Par contre, de récentes victimes chinoises
dans la trentaine, et apparemment en bonne santé,
sont décédées. Il faudra attendre
l'évolution de l'épidémie pour
voir si c'est une tendance ou un cas isolé.
Mais chose certaine, le taux de mortalité
du SRAS est comparable à d'autres maladies
infectieuses pulmonaires. Il se situe actuellement
à environ 6 %. Ce n'est pas beaucoup
plus que la grippe, dont le taux de décès
est de 5 %. Et c'est moins que la pneumonie :
10 % de ceux qui sont hospitalisés en
meurent. Au total, ces deux maladies respiratoires
causent 8000 décès par année
au Canada.
Le coupable est le « coronavirus ».
Corona veut dire couronne. Sa membrane est entourée
de protéines qui lui donnent une forme de
couronne. Il est aussi un des virus responsables
du rhume. Les symptômes se résument
d'ailleurs à un rhume accompagné d'une
fièvre.
Il proviendrait peut-être
d'un animal comme un oiseau de basse-cour
qui l'aurait transmis à un humain.
Une piste qui reste à vérifier. Par
contre, le coronavirus n'est pas présent
chez toutes les victimes. Ce qui soulève
l'idée qu'il y aurait peut-être un
autre agent infectieux encore inconnu.
Le
risque de pandémie une épidémie
à l'échelle mondiale demeure
pour le moment faible car le virus se transmet principalement
par contact direct ou par les gouttelettes de la
toux et des éternuements. Par contre, cette
semaine, on a découvert qu'il peut survivre
jusqu'à 24 h à l'extérieur
du corps. Des surfaces et objets du quotidien seraient
une route de transmission additionnelle. Mais pour
avoir une transmission plus efficace, il faudrait
que le virus se transmette d'abord par la voie des
airs, comme c'est le cas avec l'influenza, la grippe.
Prenons la grippe espagnole de 1918.
En moins de trois semaines entre le 14 septembre
et le 15 octobre la maladie avait envahi
les États-Unis. Près du tiers des
Américains ont développé la
maladie, tuant 675 000 personnes, la majorité
entre l'âge de 20 et 40 ans. Au Canada, 50 000
personnes sont décédées en
quelques semaines.
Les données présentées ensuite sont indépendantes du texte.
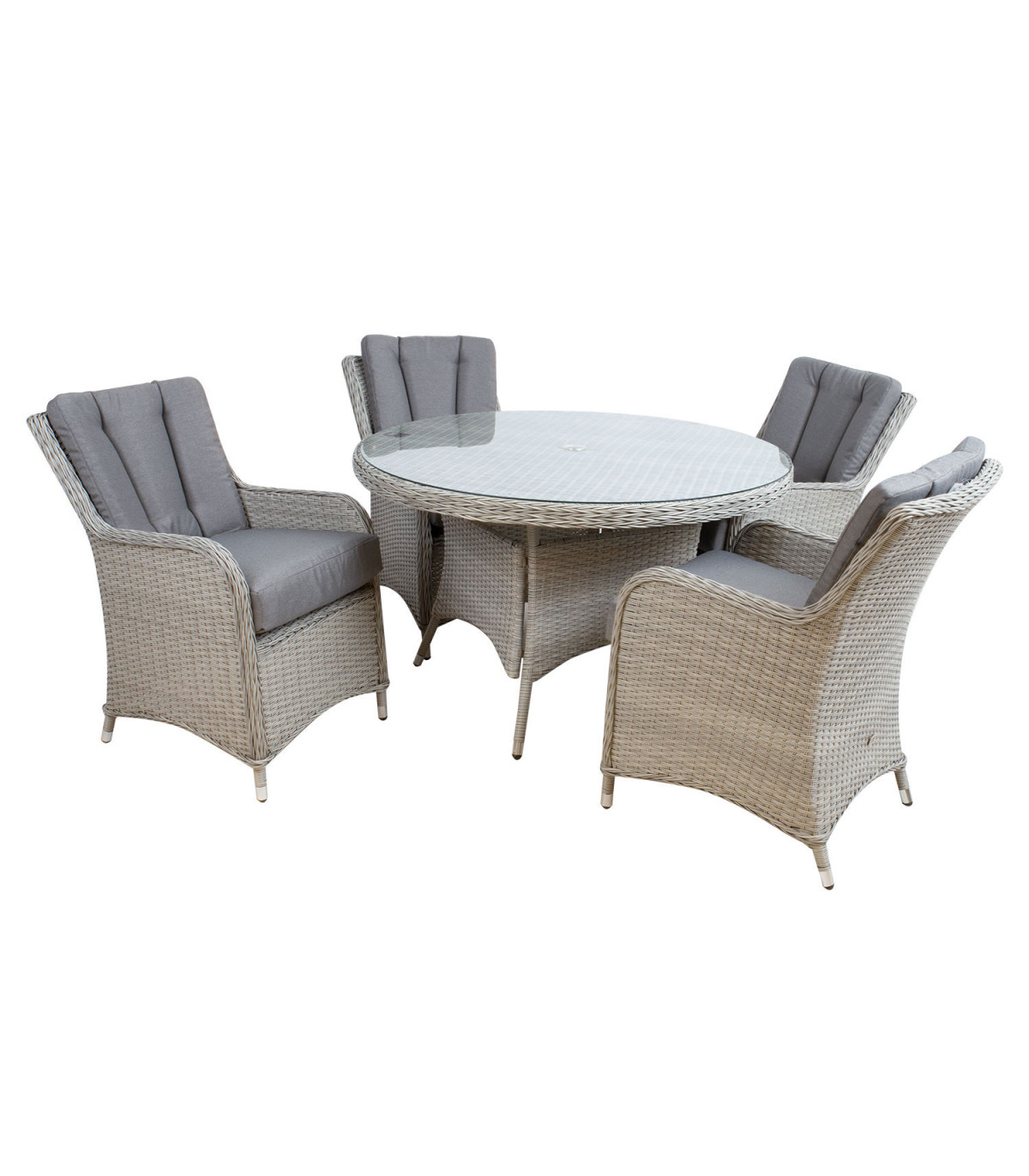 Комплект садовой мебели ASCOT стол и 4 стула. Размеры стола D121xH75см. Каркасы стола и стульев изготовлены из алюминия и обтянуты пластиковым плетением серого цвета. Столешница: закаленное прозрачное стекло 8 мм. В середине стола отверстие (D4см) для зонта от солнца. Размеры кресла 58x70xH90cm. Ширина сиденья 48см, глубина сиденья 49см, высота сиденья с подушкой 54см. Высота подлокотника от земли 66см. Подушки включены. Чехлы на подушки изготовлены из полиэстера серого цвета. Размеры подушки сиденья 48x49xH13см, размеры подушки спинки 50x45x5см. Продукт долговечен в меняющихся погодных условиях и очень прост в уходе. Чтобы продлить срок службы уличной мебели, мы рекомендуем использовать чехлы для уличной мебели. ХРАНЕНИЕ: в конце летнего сезона рекомендуем хранить садовую мебель в помещении. Очистите и высушите мебель перед хранением. Используйте для хранения прохладное, сухое, хорошо проветриваемое помещение.
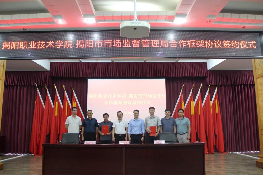 签约仪式上,马志彤指出,《中共广东省委广东省人民政府关于高质量建设制造强省的意见》(制造业当家22条)提出了广东将大力发展食品工业等战略性新兴产业集群。揭阳市共有九百多家食品企业,食品产业基础良好,其中休闲食品产业独树一帜,是我市特色食品产业。为进一步推动揭阳市食品行业高质量发展,提高食品企业安全管理人员等从业人员的综合素质,完善食品行业从业人员的培训体系,提升食品行业的技术攻关能力和生产性服务能力,需要积极与地方院校开展深入合作。77779193永利官网近年来为揭阳市食品企业输送了大批食品检验和质量管理人才,为揭阳市食品行业高质量发展作出了积极贡献。市监局将大力支持学院办学,开放国家级和省级检测中心平台为师生科研项目、技能竞赛、实训实习提供实践条件,支持食品企业与学院开展产教融合协同育人合作,希望学院积极参与食品行业技术研究,制订行业标准,申报各类专利。

Dans le monde, ce fut près
de 30 millions.
C'est pour éviter une telle
pandémie que l'OMS a sonné l'alarme.
La stratégie : premièrement,
isoler systématiquement chaque cas. C'est
la seule façon de stopper l'épidémie.
C'est ce qu'ont fait plusieurs hôpitaux de
Toronto. Mais comme la période d'incubation
va de 2 à 10 jours, de nouveaux cas surgissent
encore, malgré les efforts de quarantaine.
Quels seront les pays les plus vulnérables?
Les pays les plus pauvres et les plus populeux.
En Chine, par exemple, bien que la quarantaine ait
été décrétée
à Pékin cette semaine, les conditions
d'hygiène dans le pays rendent la propagation
plus facile. À cela s'ajoute le fait que
les autorités médicales n'ont pas
réagi assez rapidement, et que les ressources
médicales ne sont pas suffisantes dans bien
des régions rurales. D'autres pays populeux,
comme l'Inde, n'ont peut-être pas déclaré
tous les cas et mis en place les structures nécessaires
pour contenir la propagation.
Quant
à un médicament et un vaccin, il faudra
être patient. Bien qu'on ait séquencé
le génome du coronavirus, on a découvert
qu'il se transforme rapidement. Il faudra trouver
un médicament et un vaccin qui puissent tenir
compte de toutes les formes du virus. En attendant,
un cocktail d'antibiotiques et d'antiviraux, dont
la ribavirine, semble avoir une certaine activité.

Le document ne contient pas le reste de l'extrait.